以前、文化祭で来た―――ううん…それだけじゃない、それ以降も一回だけ覗きに来て、もう一回はお弁当を届けに来たことのある覚えのある高校―――
夜の学校は当然ながら校門は閉まっていて、少し前の時間帯は部活動も行われていたろうグラウンドもがらんとしていた。

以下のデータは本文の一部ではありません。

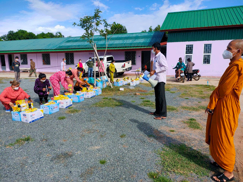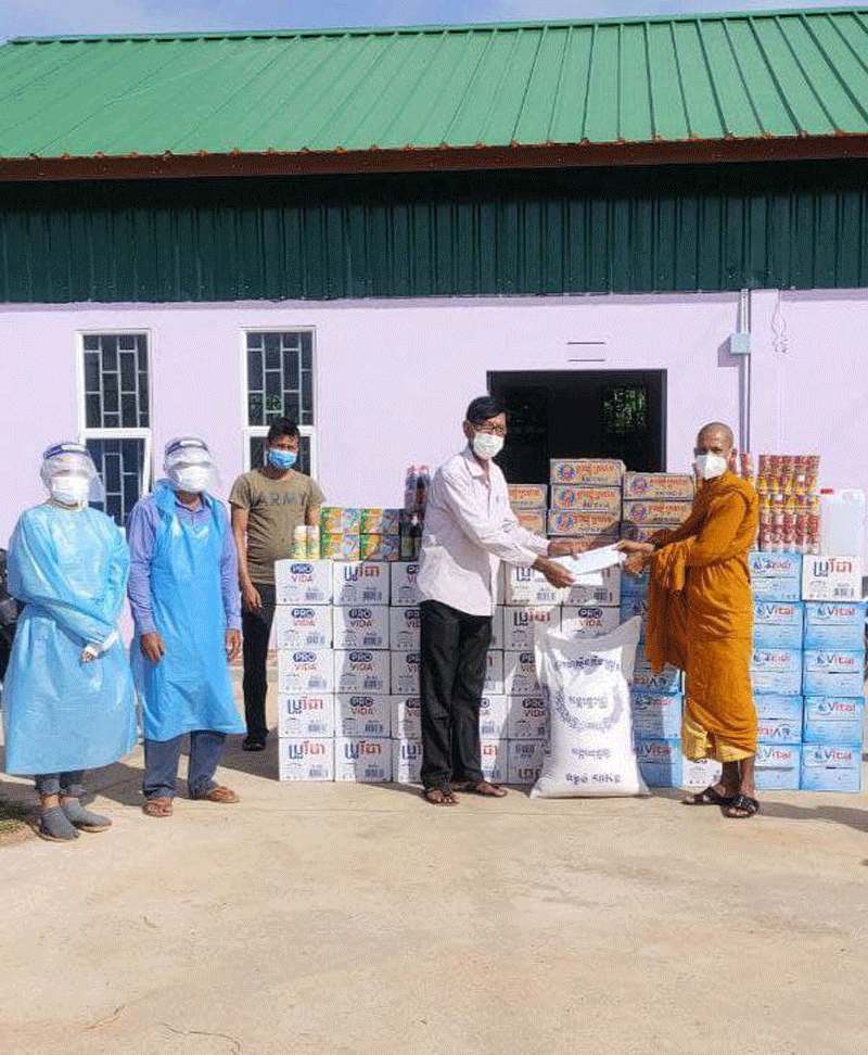 ខេត្តកំពង់ឆ្នាំង:នៅល្ងាចថ្ងៃទី២៦កក្កដា២០២១ព្រះគ្រូយស់បញ្ញសញ្ញាណ.សុនចាន់វិរះ.ព្រះចៅអធិការវត្តចន្ធប្បជោត្តនារាមហៅ វត្តតាសិទ្ធ នៅភូមិបាតឡាង ឃុំក្រាំងលាវ ស្រុករលាប្អៀរខេត្តកំពង់ឆ្នាំងបាននាំយកអំណោយដែលគ្រឿងសម្ភារះហូបមកប្រគល់ជូនមណ្ឌល់ព្យាបាលជម្ងឺកូវិដ១៩កម្រិតស្រាលក្នុងស្រុកទឹកផុស ។ព្រះគ្រួចៅអធិការព្រះនាមយស់បញ្ញាញ្ញាណ សុនចាន់វិរះ ព្រះអង្គបានមានសង្ឃដីកាថាអំណោយដែលបាននាំយកមកប្រគល់ជូននៅថ្ងៃនេះត្បិតតែមានតិចតួចក៏ពិតមែនតែជាសណ្តានចិត្តសទ្ធាបរិច្ចាកនិងជួយសម្រាលការលំបាកនៅក្នុងមណ្ឌលព្យាបាលកូវីដ 19 កម្រិតស្រាលក្នុងស្រុកទឹកផុសបានមួយគ្រាផងដែរ ។ព្រះគ្រូចៅអធិការវត្តចន្ទប្បជោត្តនារាមហៅវត្តតាសុទ្ទព្រះអង្គបានធ្វើការផ្តាំផ្ញើដល់បងប្អូនប្រជាពលរដ្ឋទាំងអស់ដែលកំពុងតែធ្វើចិត្តាឡីស័កនៅមណ្ឌលព្យាបាលកំរិតស្រាលនៃស្រុកទឹកផុសត្រូវធ្វើយ៉ាងណាអនុវត្តឲ្យបានតាមការណែនាំរបស់ប្រមុខរាជរដ្ឋាភិបាលក៏ដូចជាក្រសួងសុខាភិបាល(៣ការពារនិង៣កុំ) ។អំណោយដែលបាននាំយកមកប្រគល់ជូនដល់មណ្ឌលព្យាបាលកូវីដ19 កម្រិតស្រាលនៃស្រុកទឹកផុសមានទឹកសុទ្ធ 50 កេះ.ត្រីខកំប៉ុង១០យួរ . ម៉ាស់១០ប្រអប់.អង្ក៥០គីឡូក្រាម.មីខ្លាឃ្មុំ១០កេះ.អាកុល១០លិត្រទឹកដោះគោខាប់១០កំប៉ុងផងដែរ ។អនុប្រធានគណៈកម្មការគ្រប់គ្រងនិងសម្របសម្រួលមណ្ឌលព្យាបាលកូវីដ19 កម្រិតស្រាលនៅស្រុកទឹកផុសតំណាងលោកអភិបាលស្រុកទឹកផុសលោក ឡុចវណ្ណមីន បានថ្លែងអំណរគុណយ៉ាងជ្រាលជ្រៅចំពោះព្រះចៅអធិការវត្តចន្ទប្បត្តនារាម.ហៅ.វត្តតាសុទ្ធដែលបាននាំយកអំណោយមកប្រគល់ជូនមណ្ឌល់ព្យាបាលកូវិដ១៩កម្រិតស្រាលស្រុកទឹកផុសដែលព្រះអង្គបានរួមចំណែកក្នុងគ្រាដែលជម្ងឺកូវិដនៅមិនទាន់បានស្រាកស្រាននោះឡើយ ។សូមបញ្ជាក់ផងដែរថានៅថ្ងៃទី 26 កក្កដា 2021 នេះស្រុកទឹកផុសមិនមានរកឃើញអ្នកវិជ្ជមានកូវីដ19 ទៀតទៅឡើយហើយចំនួនអ្នកដែលចូលមកសម្រាកព្យាបាលនៅមណ្ឌលសរុបមាន 64នាក់ស្រី 41 នាក់ ៕ សុក្ខារិន

それは昼間見る学校の雰囲気とまるで違って、どこか別世界に連れてこられた錯覚に陥る。
「ね…ねぇこんなところに来てどうするつもり…?」
さっきまでのテンションはいずこに??私は不安になって聞いてみると
「ちょっと待ってて」
黒猫は自分の鞄を校門の向こう側に
ボスッ
放り込むと、
「よっ」
軽く掛け声を掛け、勢いをつけて飛び上がった。
さっすが猫!
黒猫は難なく校門を飛び越え、内側から鍵を開けてくれた。
―――は、いいけど大丈夫なのか。こんなに簡単に開いちゃって…
そして簡単に部外者の私が入って。
「うち、公立校だから警備員とか居ないんだよね。ラッキ」
黒猫は真顔で、指で〇サイン。
ラッキーじゃないわよ……
これは完全なる不法侵入ってヤツでしょ。
それでも
「来て」
と言う意味でか、ちょいちょいと手招きされるとつい…てかあんたは招き猫か…
なんて考えるも、何故だか逆らえない。
だって可愛いんだもん……!
ああ、バイオハザードウィルスまたも再来。
私は黒猫に招かれるまま、学校の敷地に一歩足を踏み入れた。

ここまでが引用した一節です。